The founding of Optimizely follows a similar vein. The founders—Dan Siroker and Pete Koomen—met as product managers at Google, where testing and optimization (such as A/B testing) are deeply ingrained in the product development process. So much so that it was widely reported that Marissa Mayer once tested 41 different shades of blue for the Google homepage!
But it was during this time at Google that it became obvious to Dan and Pete that every company —big or small—should be able to use testing the same way. They set out to build Optimizely, and in a short four years, the company is now the hands-down leader in the new software category of website optimization.
As we move from on-premise to cloud computing, our firm is betting that a completely new set of enterprise software franchises will emerge. Optimizely is clearly one of them, which is why I am pleased to announce that Andreessen Horowitz is leading a $57M Series B round in Optimizely.
We invested in the company for many reasons, including:
Strong founder/market fit. The founders have taken a core Google competency and are making it their life’s work to extend it to the rest of the world, big or small.

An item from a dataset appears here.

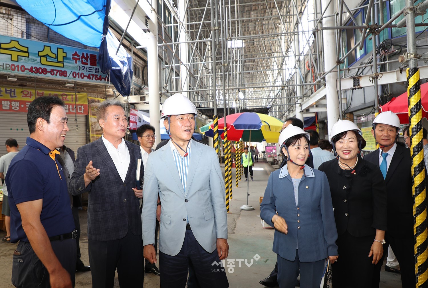 정장선 평택시장과 평택시의회 권영화 의장을 비롯한 시의회 의원은 지난 9일 통복시장 아케이드 설치공사 현장을 찾아 진행상황을 점검하고 상인들의 애로사항을 청취했다.

Classic disruption. The company converted a complex process that requires engineering resources into a simple tool that almost anyone can use, which dramatically broadens adoption.

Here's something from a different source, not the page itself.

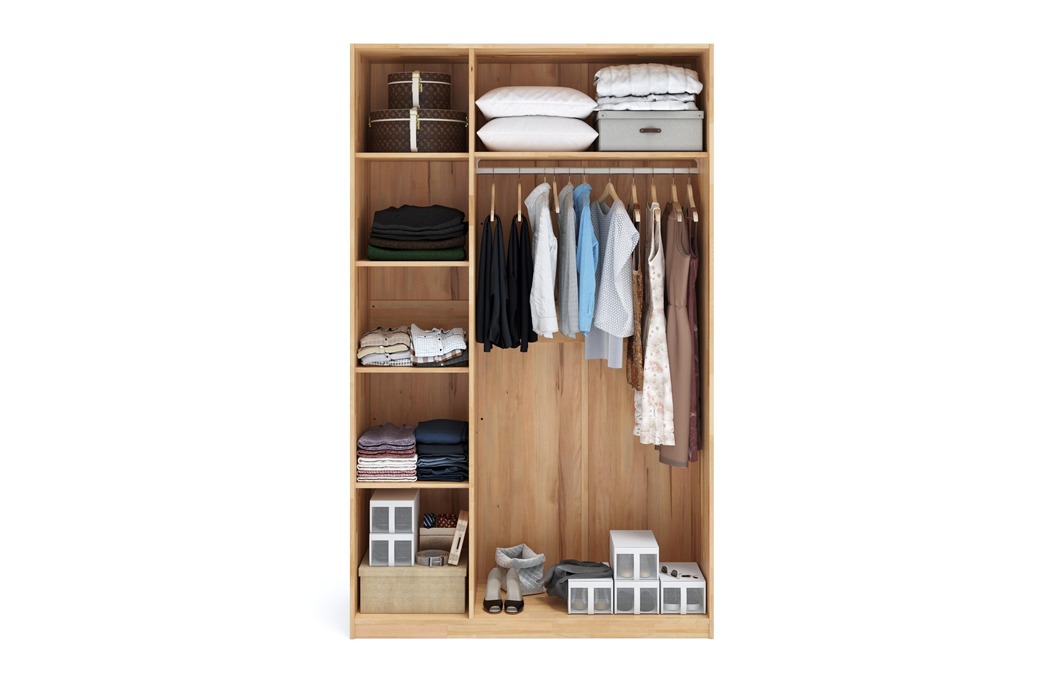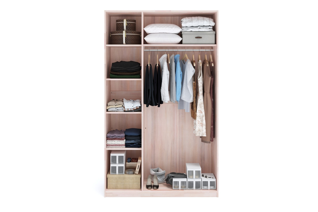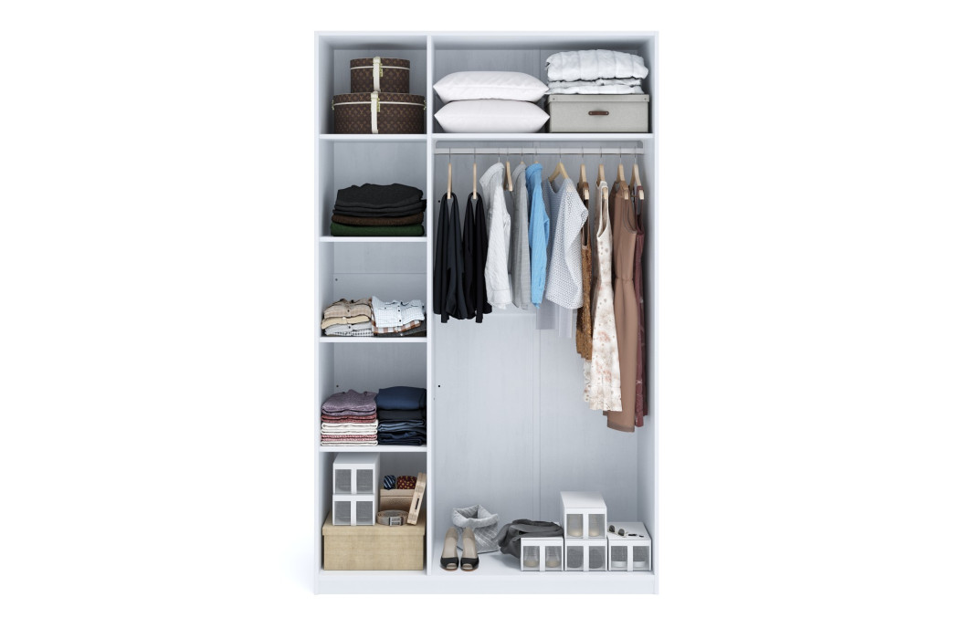 Стандартна організація внутрішнього простору включає:- секцію зі штангою для одягу на вішалках - полиці для складання речей та текстилю - верхню зону для сезонного зберігання Таке наповнення дозволяє зручно організувати гардероб у повсякденному використанні.Додаткові платні опції

Solved a hairy technical problem. Before Optimizely, it was really hard to create drag-and-drop tests via a web-based editor while avoiding slowing down the page.
This investment also represents a few larger trends we care about, including:
Mobile. Optimizely just launched its iOS product and is already seeing tremendous demand from new and existing customers. We see huge upside potential here.
SaaS and especially the “departmentalization of IT”. Marketers, product managers, and other operators throughout a company can buy and use the product on their own—instead of having to go through only a central IT organization.
Democratization of tech. Optimizely also belongs to a larger category of tools that takes what was previously only possible for people with technical training, and makes them accessible to people who don’t (or don’t want to) code but want to apply their expertise on the web.
Optimizely is the clear leader in a huge and new must-have SaaS category. I’m thrilled to be joining the board and look forward to working with Dan and Pete to grow the company into the next category-killing franchise!